Evaluate
(((lambda(x y) (lambda (x) (* x y))) 5 6) 10)in Scheme.
I am not sure how to do this actually!
((lambda (x y) (+ x x y)) 3 5)
Is fairly simple. Here x=3, y=5.
But in this the body is: (lambda (x) (* x y))) 5 6) and the parameter is 10?
So we evaluate separately? As in (lambda (x) (* x y))) 5 6) = (* 5 y) And then (((lambda(x y) (lambda (x) (* x y))) 5 6) 10) = (((lambda (x y) (* 5 y) 10))

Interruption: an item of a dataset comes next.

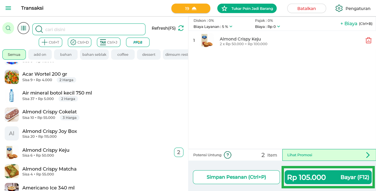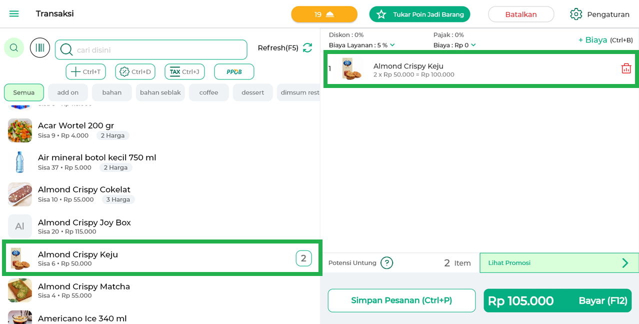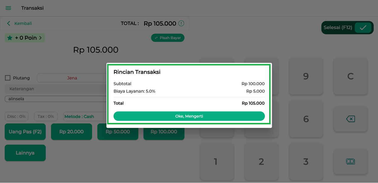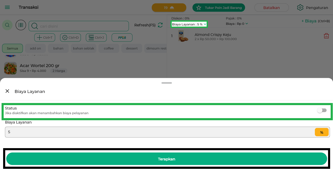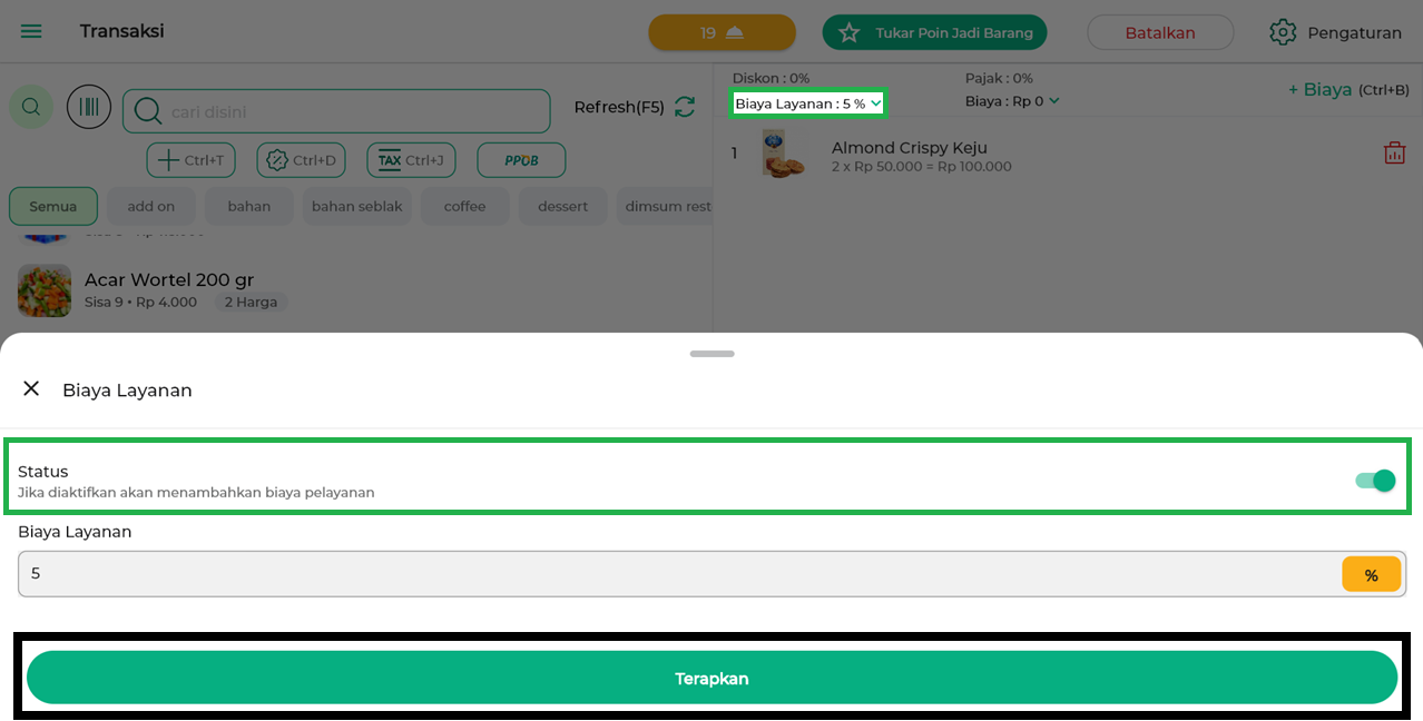Contoh: Karis ingin menerapkan biaya layanan sebesar 5% untuk transaksi penjualannya.

But how can that be evaluated?
It is easier if you rename the parameter in the inner lambda:
(((lambda (x y) (lambda (z) (* z y))) 5 6) 10)
The outer lambda is applied to 5 and 6:
((lambda (x y) (lambda (z) (* z y))) 5 6)
This evaluates to
(lambda (z) (* z 6))
since yis bound to 6.
Note that x from the outer lambda (which is bound to 5) is never used.
This function is then applied
((lambda (z) (* z 6)) 10)
which yields 60.
(((lambda (x y) (lambda (x) (* x y))) 5 6) 10)
is
( ( (lambda (x y)
(lambda (x) (* x y))
)
5
6)
10)
is
See? The inner lambda is returned as a value, as result of the application of the outer lambda to arguments 5 and 6. The new value is enclosed in its defining environment, where x=5 and y=6 -- such lambda is otherwise known as closure:
It is then applied to 10:
(((lambda (x y) (lambda (x) (* x y))) 5 6) 10)
= ( (let ((x 5)
(y 6))
(lambda (x) (* x y)))
10)
= (let ((x 5)
(y 6))
( (lambda (x) (* x y))
10))
= (let ((x 5)
(y 6))
(let ((x 10))
(* x y)))
= (* 10 6)
= 60
Let's start with (lambda(x y) (lambda (x) (* x y))). This is a function expression that takes two parameters and returns another function expression. For convenience, I will refer to the entire expression as f.
Now consider (f 5 6). This returns another lambda, (lambda (x) (* x y), with y bound to the value passed in. However, the inner x parameter shadows the outer one, so the result is (f 5 6) = (lambda (x) (* x 6).
From here, we can directly evaluate ((lambda (x) (* x 6)) 10). This yields a final result of 60.